[FEATURE] Create a task template for Preference Data Collection

argilla-io / argilla

Argilla is a collaboration tool for AI engineers and domain experts to build high-quality datasets

https://docs.argilla.io

Apache License 2.0

4.04k stars 381 forks source link

[FEATURE] Create a task template for Preference Data Collection #4024

Closed dvsrepo closed 1 year ago

dvsrepo commented 1 year ago

Is your feature request related to a problem? Please describe. Hi! @kursathalat and @davidberenstein1957 doing a demo today, I've realized we don't have simple way to setup a preference dataset, besides the rg.FeedbackDataset.for_direct_preference_optimization which in my opinion is too "narrow" (e.g., you could use this for a reward model trainer or for llm evaluation) and doesn't use the ranking question.

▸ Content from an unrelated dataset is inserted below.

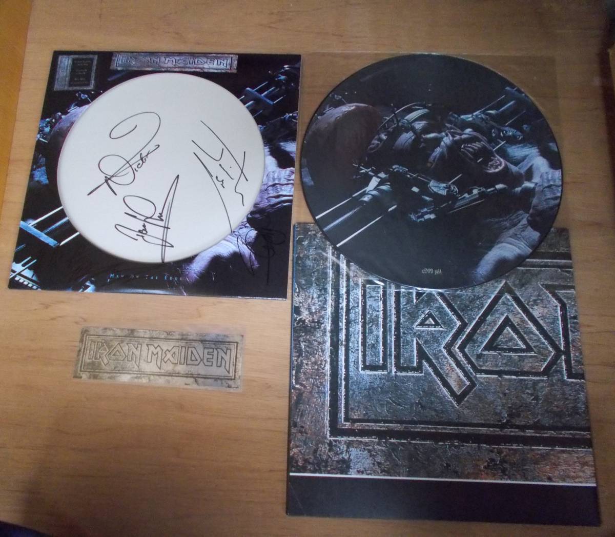 > 12EMPD 398 IRON MAIDEN アイアン・メイデン MAN ON THE EDGE UK版ピクチャーレコード 直筆サイン入り 未使用 おまけステッカー

I understand that we have task-focused templates but I'd like to have more general-purpose datasets too (we will discuss how as we go), but in this specific case suggest creating something like:

Describe the solution you'd like

# not the best name but we can brainstorm
ds = rg.FeedbackDataset.for_preference_collection(
   num_responses=3, # default is 2 
   ... # the rest can be the same as dpo
)

# FeedbackDataset(
#   fields=[
#       TextField(name="input", use_markdown=True),
#       TextField(name="context", use_markdown=True)
#       TextField(name="response-1", use_markdown=True),
#       TextField(name="response-2", use_markdown=True),
#       TextField(name="response-3", use_markdown=True),
#   ],
#   questions=[
#       RakingQuestion(name="preference", values=["response-1", "response-2", "response-3"])
#   ]
#   guidelines="<Guidelines for the task>",
# )

dvsrepo commented 1 year ago

Thinking about it, I'd recommend renaming/refactoring direct_preference_optimization to be a more general way to collect preference data.

for_direct_preference_optimization is linking the dataset to a specific algorithm rather than a task. An analogy would be having for_svm or for_naive_bayes instead of for_text_classification. We'll see more and more algorithms for preference_tuning or preference_optimization and DPO is just one. I feel like using preference_tuning or preference_optimization would also be too narrow because one key use case of preference data is evaluation, but happy to discuss (maybe preference_optimization is better than preference collection?)